File python-ocrmypdf.spec of Package python-ocrmypdf
#
# spec file for package python-ocrmypdf
#
# Copyright (c) 2021 SUSE LLC
#
# All modifications and additions to the file contributed by third parties
# remain the property of their copyright owners, unless otherwise agreed
# upon. The license for this file, and modifications and additions to the
# file, is the same license as for the pristine package itself (unless the
# license for the pristine package is not an Open Source License, in which
# case the license is the MIT License). An "Open Source License" is a
# license that conforms to the Open Source Definition (Version 1.9)
# published by the Open Source Initiative.
# Please submit bugfixes or comments via https://bugs.opensuse.org/
#
%define pythons python3
%define skip_python2 1
%{?!python_module:%define python_module() python-%{**} python3-%{**}}
%define srcname ocrmypdf
Name: python-ocrmypdf
Version: 12.7.2
Release: 0
Summary: OCRmyPDF adds a searcheable OCR text layer to scanned PDF files
Group: Productivity/Publishing/PDF
Provides: OCRmyPDF
Provides: ocrmypdf
# Main code: MPL2.0;
# Completion files, hocrtransform.py: MIT;
# _unicodefun.py: BSD;
# Test files: CC-BY-SA and Public Domain
License: MPL-2.0
URL: https://github.com/jbarlow83/OCRmyPDF
Source: https://files.pythonhosted.org/packages/source/o/ocrmypdf/ocrmypdf-%{version}.tar.gz
BuildRequires: python-rpm-macros
BuildRequires: liblua5_3-5
BuildRequires: leptonica-devel
BuildRequires: %{python_module setuptools}
BuildRequires: %{python_module cffi >= 1.9.1}
BuildRequires: %{python_module setuptools_scm}
BuildRequires: %{python_module setuptools_scm_git_archive}
# SECTION test requirements
BuildRequires: %{python_module cffi >= 1.9.1}
BuildRequires: %{python_module coloredlogs >= 14.0}
BuildRequires: %{python_module img2pdf >= 0.3.0}
BuildRequires: %{python_module pdfminer.six >= 20191110}
BuildRequires: %{python_module pikepdf >= 2.10.0}
BuildRequires: %{python_module Pillow >= 8.2.0}
BuildRequires: %{python_module pluggy >= 0.13.0}
BuildRequires: %{python_module pytest >= 6.0.0}
BuildRequires: %{python_module pytest-xdist >= 2.2.0}
BuildRequires: %{python_module pytest-cov >= 2.8.1}
BuildRequires: %{python_module reportlab >= 3.5.66}
BuildRequires: %{python_module setuptools}
BuildRequires: %{python_module tqdm >= 4}
BuildRequires: %{python_module importlib-metadata >= 4}
BuildRequires: %{python_module importlib-resources >= 5}
BuildRequires: qpdf >= 8.1.0
BuildRequires: tesseract-ocr >= 4.0.0
BuildRequires: icc-profiles
BuildRequires: liblept5
BuildRequires: libjpeg-devel
BuildRequires: leptonica-devel
BuildRequires: libxml2
BuildRequires: python3-pip
BuildRequires: zlib-devel
BuildRequires: tesseract-ocr-traineddata-eng >= 4.0.0
BuildRequires: tesseract-ocr-traineddata-deu >= 4.0.0
BuildRequires: tesseract-ocr-traineddata-orientation_and_script_detection >= 3.03
BuildRequires: ghostscript >= 9.15
BuildRequires: pngquant > 2.0.0
BuildRequires: libjpeg-devel
BuildRequires: unpaper >= 6.1
BuildRequires: %{python_module PyPDF2 >= 1.25.1}
###Needed?
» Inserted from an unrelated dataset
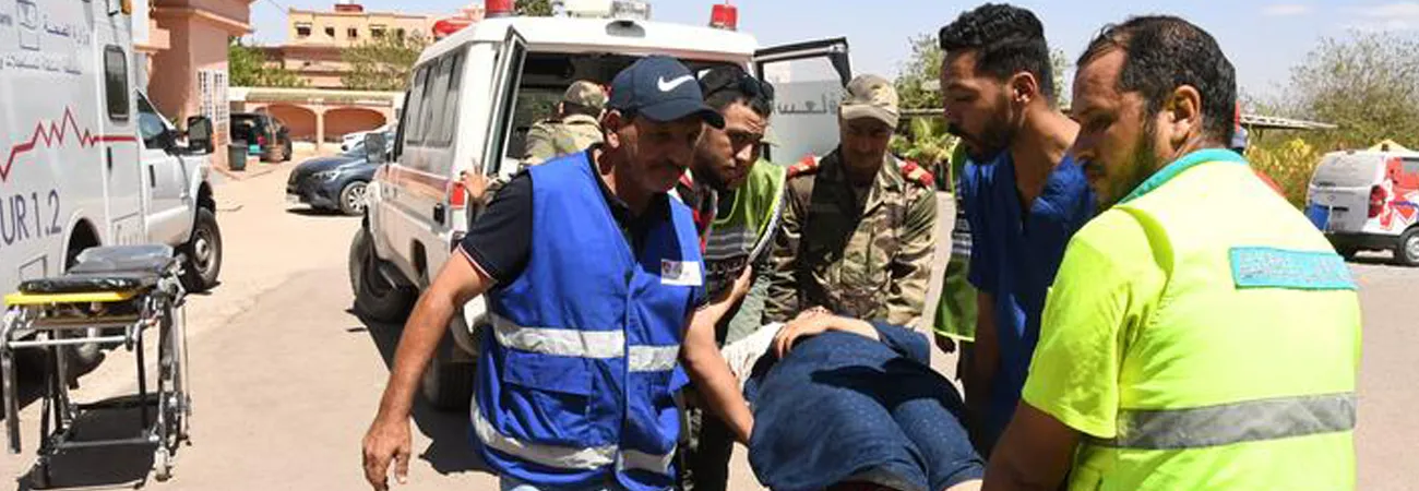 مراکش کےشہر أزرومیں آنےوالےشدید زلزلےکےمرکزکےقریب امدادی کارکن ایک زخمی کو ایمبولینس میں لے جا رہے ہیں۔(شِنہوا)

BuildRequires: python3-pytest-runner
BuildRequires: %{python_module ruffus >= 2.6.3}
# /SECTION
BuildRequires: fdupes
Requires: python-cffi >= 1.9.1
Requires: python-coloredlogs >= 14.0
Requires: python-img2pdf >= 0.3.0
Requires: python-pdfminer.six >= 20191110
Requires: python-pikepdf >= 2.10.0
Requires: python-Pillow >= 8.2.0
Requires: python-pluggy >= 0.13.0
Requires: python-reportlab >= 3.5.66
Requires: python-setuptools
Requires: python-tqdm >= 4
Requires: tesseract-ocr >= 4.1.1
Requires: tesseract-ocr-traineddata-eng >= 4.1.0
Requires: tesseract-ocr-traineddata-deu >= 4.1.0a
Requires: unpaper
Suggests: python-sphinx
Suggests: python-sphinx_rtd_theme
Suggests: python-sphinx-issues
Suggests: python-PyMuPDF == 1.13.4
Suggests: python-pytest >= 6.0.0
Suggests: python-pytest-xdist >= 2.2.0
Suggests: python-pytest-cov >= 2.11.1
Suggests: python-python-xmp-toolkit == 2.0.1
Suggests: python-watchdog >= 1.0.2
Suggests: python-Flask >= 1
BuildArch: noarch
Provides: OCRmyPDF
Provides: ocrmypdf
%python_subpackages
%description
OCRmyPDF adds an OCR text layer to scanned PDF files, allowing them to be searched
Main features:
- Generates a searchable PDF/A file from a regular PDF
- Places OCR text accurately below the image to ease copy / paste
- Keeps the exact resolution of the original embedded images
- When possible, inserts OCR information as a "lossless" operation without rendering vector information
- Keeps file size about the same
- If requested deskews and/or cleans the image before performing OCR
- Validates input and output files
- Provides debug mode to enable easy verification of the OCR results
- Processes pages in parallel when more than one CPU core is available
- Uses Tesseract OCR engine
- Supports the 39 languages recognized by Tesseract
- Battle-tested on thousands of PDFs, a test suite and continuous integration
%prep
%setup -q -n ocrmypdf-%{version}
# Cleanup shebang and executable bits.
for f in src/%{srcname}/*.py src/%{srcname}/*/*.py; do
sed -e '1{\@^#!/usr/bin/env python@d}' $f > $f.new &&
touch -r $f $f.new &&
mv $f.new $f
chmod -x $f
done
%build
%python_build
%install
%python_install
%python_clone -a %{buildroot}%{_bindir}/ocrmypdf
%python_expand %fdupes %{buildroot}%{$python_sitelib}
%check
#%#pytest
%pyunittest -v
%post
%python_install_alternative ocrmypdf
%postun
%python_uninstall_alternative ocrmypdf
%files %{python_files}
%doc README.md
%license LICENSE
%python_alternative %{_bindir}/ocrmypdf
%{python_sitelib}/*
%changelog